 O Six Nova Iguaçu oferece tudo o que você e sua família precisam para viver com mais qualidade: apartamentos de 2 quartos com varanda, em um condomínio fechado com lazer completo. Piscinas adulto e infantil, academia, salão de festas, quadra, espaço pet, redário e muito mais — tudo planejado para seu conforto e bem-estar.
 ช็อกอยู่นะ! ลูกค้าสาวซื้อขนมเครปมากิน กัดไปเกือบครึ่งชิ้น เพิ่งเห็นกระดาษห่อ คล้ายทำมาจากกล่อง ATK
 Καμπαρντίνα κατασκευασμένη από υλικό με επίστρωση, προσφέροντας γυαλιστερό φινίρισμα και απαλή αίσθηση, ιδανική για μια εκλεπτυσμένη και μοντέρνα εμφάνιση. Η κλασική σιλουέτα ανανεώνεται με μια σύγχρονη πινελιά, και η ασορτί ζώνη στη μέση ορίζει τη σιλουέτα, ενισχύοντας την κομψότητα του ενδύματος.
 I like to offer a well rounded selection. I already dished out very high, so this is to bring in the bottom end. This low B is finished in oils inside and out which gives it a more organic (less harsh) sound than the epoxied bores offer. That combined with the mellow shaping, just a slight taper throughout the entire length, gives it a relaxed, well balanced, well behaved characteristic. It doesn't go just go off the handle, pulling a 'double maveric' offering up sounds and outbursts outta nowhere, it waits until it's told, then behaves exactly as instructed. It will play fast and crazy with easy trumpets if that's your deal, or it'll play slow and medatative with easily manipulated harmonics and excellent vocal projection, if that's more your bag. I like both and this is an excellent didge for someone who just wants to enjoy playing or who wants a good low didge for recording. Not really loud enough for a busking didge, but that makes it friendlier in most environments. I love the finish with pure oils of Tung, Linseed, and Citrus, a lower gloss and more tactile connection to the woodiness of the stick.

+===+

Reproduce word for word only the first line of the listing above and each line after it through the line with "Καμπαρντίνα κατασκευασμένη από".

 O Six Nova Iguaçu oferece tudo o que você e sua família precisam para viver com mais qualidade: apartamentos de 2 quartos com varanda, em um condomínio fechado com lazer completo. Piscinas adulto e infantil, academia, salão de festas, quadra, espaço pet, redário e muito mais — tudo planejado para seu conforto e bem-estar.
 ช็อกอยู่นะ! ลูกค้าสาวซื้อขนมเครปมากิน กัดไปเกือบครึ่งชิ้น เพิ่งเห็นกระดาษห่อ คล้ายทำมาจากกล่อง ATK
 Καμπαρντίνα κατασκευασμένη από υλικό με επίστρωση, προσφέροντας γυαλιστερό φινίρισμα και απαλή αίσθηση, ιδανική για μια εκλεπτυσμένη και μοντέρνα εμφάνιση. Η κλασική σιλουέτα ανανεώνεται με μια σύγχρονη πινελιά, και η ασορτί ζώνη στη μέση ορίζει τη σιλουέτα, ενισχύοντας την κομψότητα του ενδύματος.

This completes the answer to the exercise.